In January 2018, a married same-sex couple in Puerto Morelos were granted the right to register their child. In April 2018, with the help of the State Human Rights Commission, a same-sex couple in Cancún were also allowed to register their newborn son. According to 2021 statistics from the civil registry, about 30 to 40 lesbian couples register their children in the state every year.

==Native Mexicans==
While many Indigenous cultures historically practiced polygamy to some extent, there are no records of same-sex marriages being performed in these cultures in the way they are commonly defined in Western legal systems. However, many Indigenous communities recognize identities and relationships that may be placed on the LGBT spectrum. The Yucatec Maya recognized certain forms of institutionalised same-sex relations. Some shamans engaged in homosexual acts with their patients, and priests engaged in ritualized homosexual acts with their gods. Anthropologist Walter Lee Williams wrote with respect to the Yucatec Maya: "After my arrival in Yucatán, I soon learned that the society provides a de facto acceptance of same-sex relations for males. It did not take long to establish contacts, and my informants suggested that a large majority of the male population is at certain times sexually active with other males. This usually occurs in the years between thirteen and thirty, when sexual desire is strongest, but it also involves men older than that. Marriage to a woman does not seem to have much effect on the occurrence and amount of homosexual behavior." Carvings, rituals and stories were explicit about sexual diversity.

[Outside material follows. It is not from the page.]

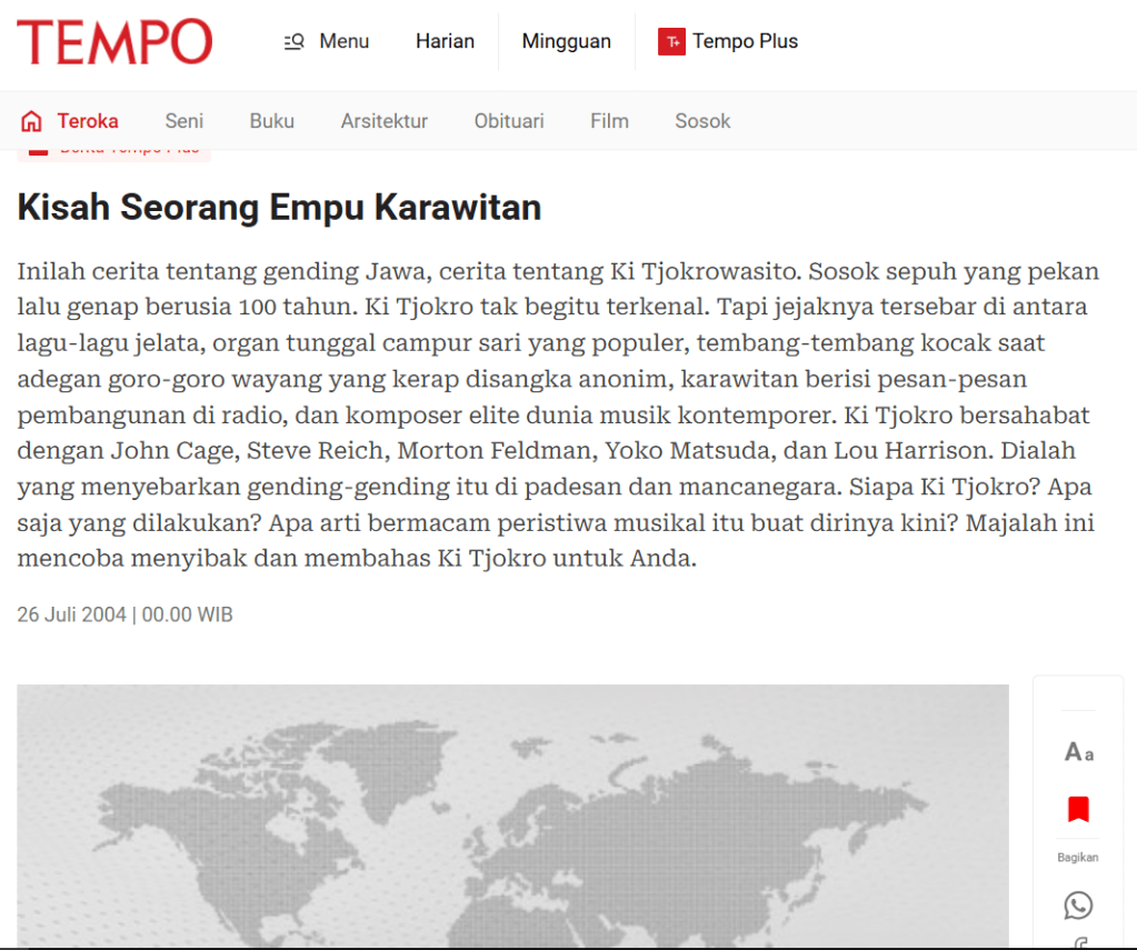 Inilah cerita tentang gending Jawa, cerita tentang Ki Tjokrowasito. Sosok sepuh yang pekan lalu genap berusia 100 tahun. Ki Tjokro tak begitu terkenal. Tapi jejaknya tersebar di antara lagu-lagu jelata, organ tunggal campur sari yang populer, tembang-tembang kocak saat adegan goro-goro wayang yang kerap disangka anonim, karawitan berisi pesan-pesan pembangunan di radio, dan komposer elite dunia musik kontemporer. Ki Tjokro bersahabat dengan John Cage, Steve Reich, Morton Feldman, Yoko Matsuda, dan Lou Harrison. Dialah yang menyebarkan gending-gending itu di padesan dan mancanegara. Siapa Ki Tjokro? Apa saja yang dilakukan? Apa arti bermacam peristiwa musikal itu buat dirinya kini? Majalah ini mencoba menyibak dan membahas Ki Tjokro untuk Anda.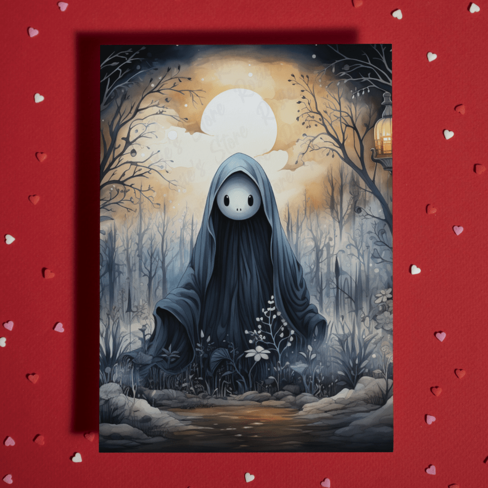Introducing our enchanting Halloween greeting card, featuring a captivating cartoon drawing of a ghost standing amidst a moonlit forest. Measuring 4.25" x 5.5", this card captures the mysterious allure of the Halloween season and sets the stage for a bewitching celebration.

The first Mayan same-sex marriage was performed in Kantunilkín in October 2022 between Lidia Holi Poot and Lizbet García Domínguez. The couple held a civil marriage ceremony as well as a traditional Mayan ceremony officiated by two priests.

==Marriage statistics==
As of mid-December 2014, officials announced that 14 same-sex marriages had been performed in Quintana Roo. The National Institute of Statistics and Geography reported that 163 same-sex marriages were performed in 2018, of which 96 (59%) were between two women and 67 (41%) between two men. According to data from the civil registry, most same-sex marriages in 2018 took place in the northern parts of the state, particularly in the municipalities of Benito Juárez, Solidaridad, Cozumel, Puerto Morelos, Isla Mujeres and Tulum, but also Bacalar in the south. From January to August 2018, three same-sex marriages were performed in Othón P. Blanco Municipality, while only one occurred in José María Morelos Municipality.

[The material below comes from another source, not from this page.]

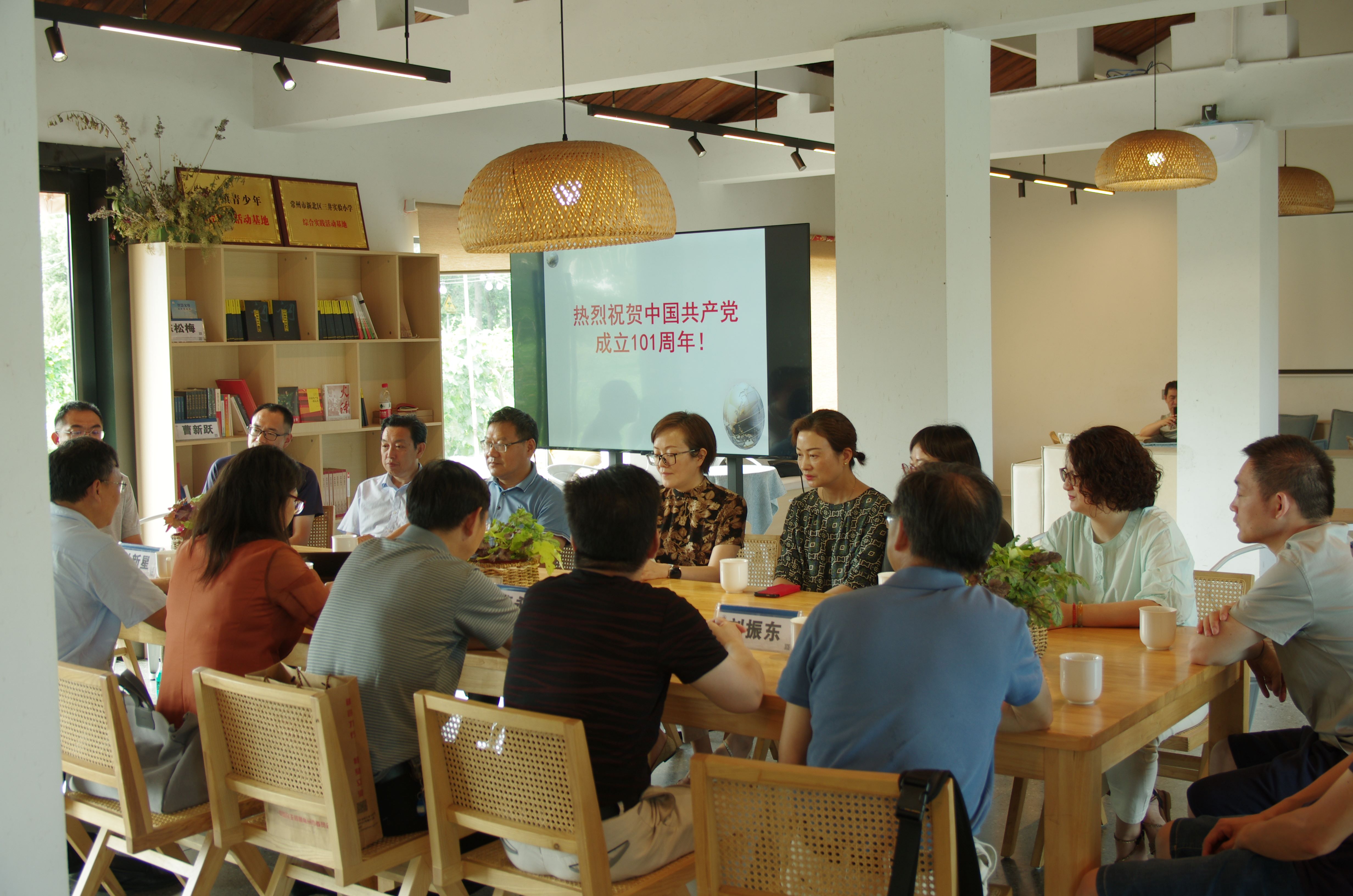 为了庆祝中国共产党成立101周年、香港回归25周年、民盟江苏省第十三次代表大会会议的胜利召开,7月1日上午,德彩网市北郊中学支部全体盟员前往民盟助力乡村振兴实践基地——常州市新北区奔牛镇东桥村史陈家村进行党盟研学主题活动。 民盟北郊中学支部付新星主持这次的主题研学活动。 德彩网市委专职副主委兼秘书长张翠娥,应邀给支部盟员宣传民盟江苏省第十三次代表大会会议精神。她高屋建瓴,条理清晰地历数江苏民盟在过去五年取得了成就、未来五年发展新的举措。盟员们认真学习领会“矢志不渝跟党走、携手奋进新时代”政治交接主题教育精神。 德彩网市委组织处处长曹永忠,详细介绍了民盟助力乡村振兴实践基地——史陈家村的建立和发展情况。 常州市北郊高级中学曹新跃,感谢德彩网对北郊民盟支部的大力支持,高度肯定了北郊支部盟员对学校各项工作的突出贡献,希望党盟密切协作,创造更加辉煌的成就。 民盟北郊中学支部老主委杨华平给大家讲解中国儒家经典《中庸》的智慧。中华传统文化的智慧为新时期的学习工作生活面临的困难提供必要的借鉴。 民盟北郊中学支部宣传委员王宽军跟大家分享德彩网先贤周有光老先生晚年的作品的心得:秉承老一辈真诚为人,敢讲真话,坚持真理,追求进步的精神。 下午盟员们充分讨论了“减负”的困境与策略等课题。会后一起参观了陈史家村,了解其生态产业的发展情况。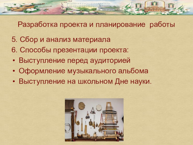 В результате работы над творческим проектом мы научились искать нужную информацию в интернете, оформлять текстовый документ, ссылки, работать с предметным указателем, словарями и другой литературой. Создали альбом художественных и музыкальных произведений.

Data from the civil registry showed that 277 and 210 same-sex marriages were performed in Quintana Roo in 2019 and 2020, respectively, with most being between two men.

==Public opinion==
A 2017 opinion poll conducted by the Strategic Communication Office (Gabinete de Comunicación Estratégica) found that 56% of Quintana Roo residents supported same-sex marriage, while 37.5% were opposed. According to a 2018 survey by the National Institute of Statistics and Geography, 38% of the Quintana Roo public opposed same-sex marriage.